研削ローラが研削ベッドの「谷」内へ転動した場合、プロセスは逆になる。作業圧力システムでは、油圧オイルは、油圧ブラダアキュムレータ17から油圧シリンダ12のピストンロッド側28内へ押し出される(図2)。それによって油圧オイルは同時に、油圧シリンダ12のピストン側29から油圧ピストンアキュムレータ16内へ移動する。研削ベッドが均質でないため、研削ローラは垂直移動を連続して行い、そのため記載のプロセスは、常に交互に行われる。

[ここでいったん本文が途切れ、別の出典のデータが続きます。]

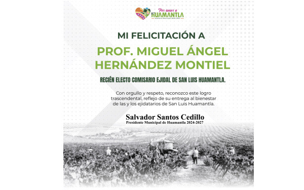 385 Grados / Huamantla / REDACCIÓN / El presidente municipal de Huamantla, Salvador Santos, felicitó al C. Miguel Ángel Hernández Montiel, quien resultó electo como nuevo comisariado ejidal de San Luis Huamantla tras una jornada democrática y participativa celebrada el pasado domingo 22 de junio.
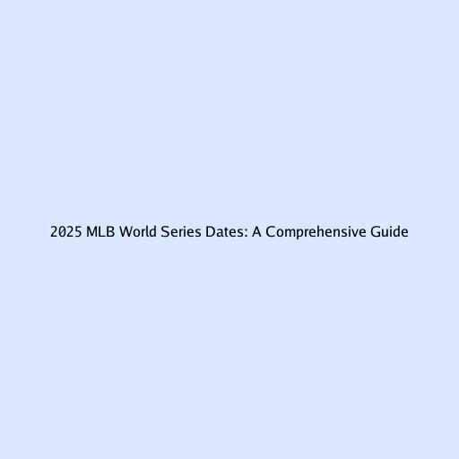 2025 MLB World Series Dates: A Comprehensive Guide
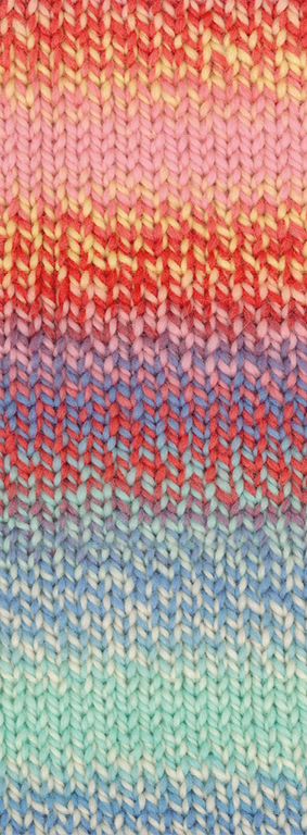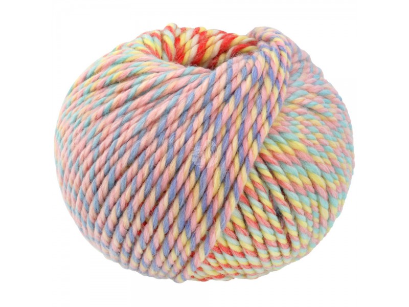 Met deze dikke wol heb je snel een vest, sjaal of muts gebreid. Drievoudig getwijnd en bedrukt in leuke kleuren, in merinowol met acryl.
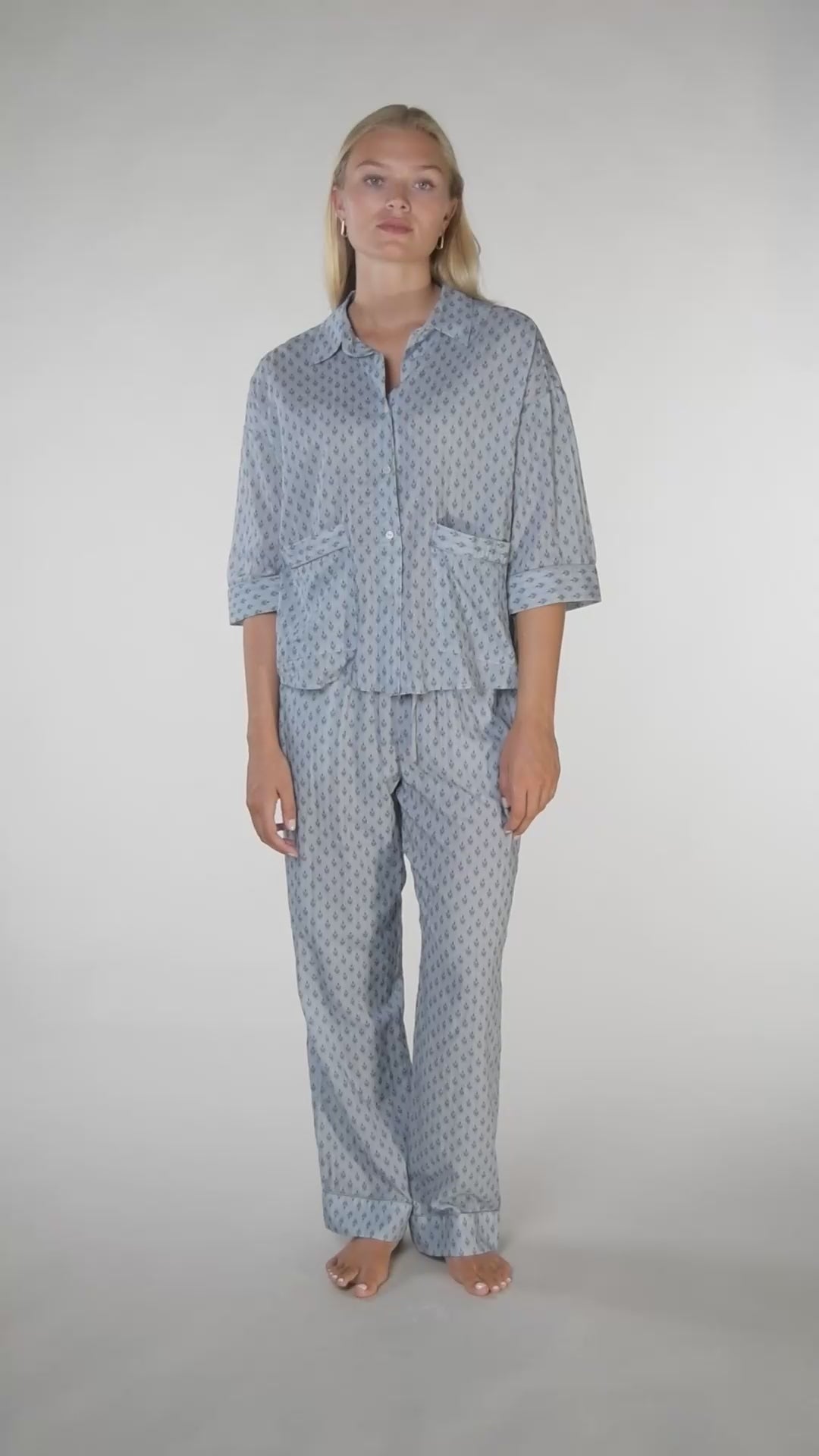 Skjorten er en perfekt blanding af Økologisk Bomuld og Viskose, som gør stoffet utrolig behageligt at have på. Denne style kan med fordel sættes sammen med Katrina Pants fra samme serie for et sammenhængende look, men du kan også bruge den sammen med en anden nattop eller skjorte efter eget valg.
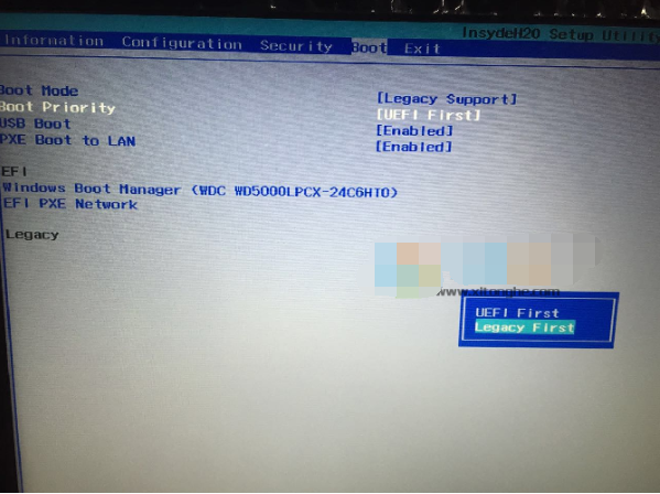 5、接下来会出现一项Boot Priority 选项,回车后选择为leagcy first ;
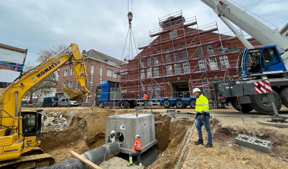 Cet été, les 131 forages géothermiques seront réalisés, notamment dans la cour d’honneur au travers du bassin d’infiltration.
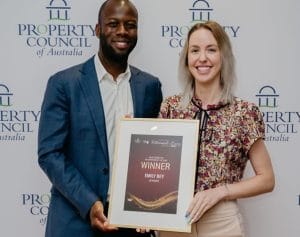 Emily Bey (pictured right with Bruce Djite, Executive Director, Property Council, SA), of Levande, won the SA/NT Award for Salesperson of the Year.
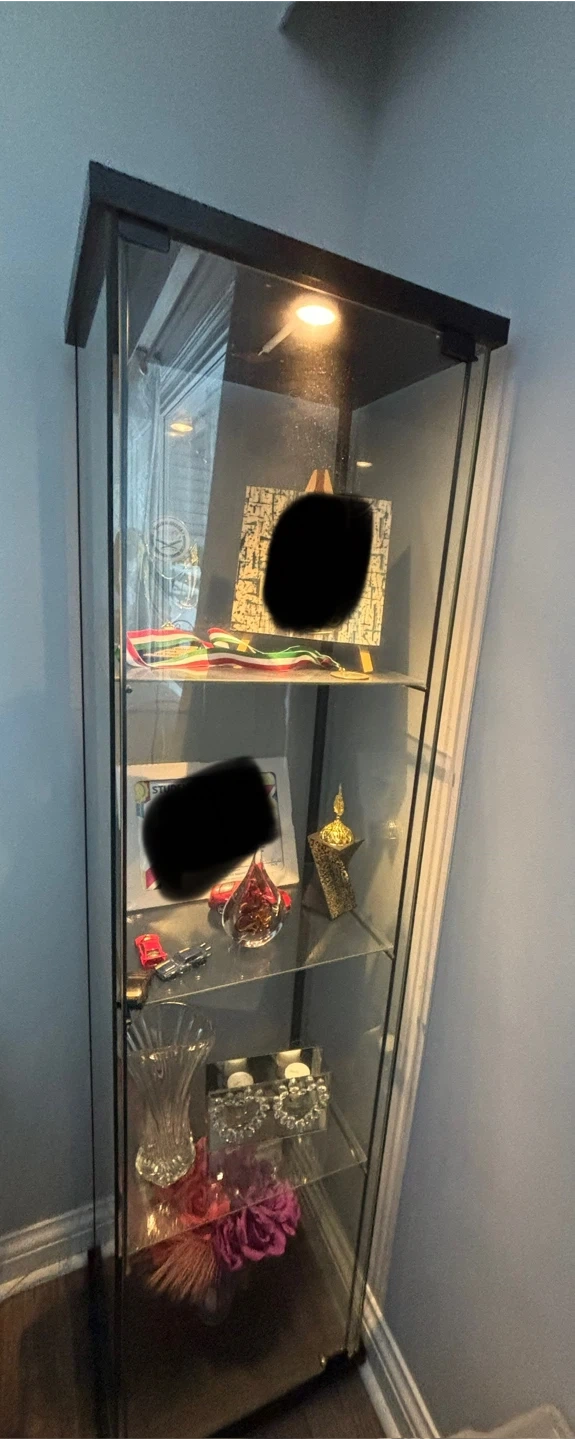Selling an glass display cabinet! It's perfect for displaying collectibles, figures, or anything you'd like to show off. It’s in great shape and ready for a new home
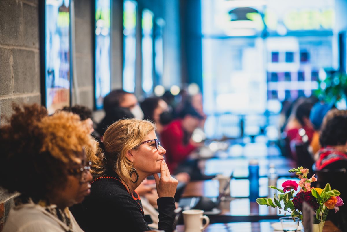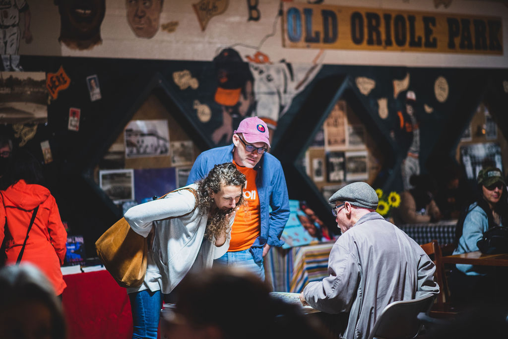 The audience settled under the collection of historic Baltimore baseball teams’ pennants arranged on the walls (the brewery was the site of Terrapin Park in the first half of the 20th century), sipping beer out of clear plastic cups, and chatting with each other while they waited for the salon to begin. At one point, Odyssey’s “Our Lives Are Shaped by What We Love” came on the speakers.
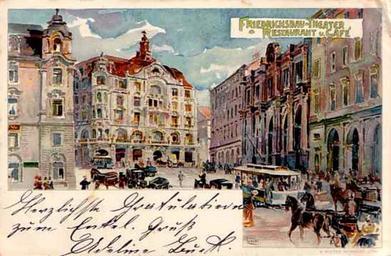 Keywords: Friedrichsbau theater-1903.jpg Stuttgart Friedrichsbau-Theater a variety theatre built 1900 by Bihl and Woltz The complex also included shops offices and a café Destroyed by bombs on 25 July 1944 Finally demolished 1955 in favour of a street Postcard before 1903 Friedrichsbau-Theater Stuttgart/Germany und Centralbahnhof 1903 Source http //www andreas-praefcke de/carthalia/germany/stuttgart_friedrichsbau_old htm PD-old-70-1923 Alter Friedrichsbau Stuttgart Images from Carthalia Postcards of Stuttgart |

ローラミルを開始および停止させるには、研削ローラを研削ベッドから油圧で上昇させることができる。これは、本発明の油空圧ばねシステムと同時にまたは事実上同時に可能である。
図5は、モジュラ構造の6つのローラミルに対する本発明の油圧構成を大幅に図式化した図で示す。6つの油空圧ばねシステム10の6つの台座21および6つの油圧供給ユニット20、アキュムレータスタンド22、ならびにばねユニット11のみを示す。
図5は、各油空圧ばねシステム10のアキュムレータスタンド22と関連する油圧供給システム20の間のパイプライン23(同じく図1参照)、およびアキュムレータスタンド22と油圧シリンダ12の間の高圧ホース24が比較的短く、したがってパイプラインの湾曲を除外できることを示す。各油空圧ばねシステム10の油圧供給ユニット20の油圧キャビネット25は、油圧シリンダ12と直線的に位置し、そのため油圧オイルは、低い抵抗で振動することができる。

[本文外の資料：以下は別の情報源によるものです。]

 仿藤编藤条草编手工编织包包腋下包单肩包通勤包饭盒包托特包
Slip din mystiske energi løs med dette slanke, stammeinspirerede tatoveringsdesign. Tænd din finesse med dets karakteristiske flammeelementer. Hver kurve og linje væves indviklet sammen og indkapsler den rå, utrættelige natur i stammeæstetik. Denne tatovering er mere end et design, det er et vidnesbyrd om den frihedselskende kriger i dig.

起こりうる部分的な軸受の損傷を回避するために、油圧円環ラインをもたない歯車装置(図示せず)上のそれぞれ対向する研削ローラの安定した装填は、電気制御/調整(図示せず)によって実現され、それぞれのオイル圧力は、対向するばねユニット内でセンサ(図示せず)を用いて測定され、標的値前後の比較的低い公差の範囲内で保たれる。これに達しない場合、それぞれの油圧キャビネット内でポンプが開始され、それぞれの出口弁が短時間にわたって開かれる。このようにして、効果的な圧力補償が実現される。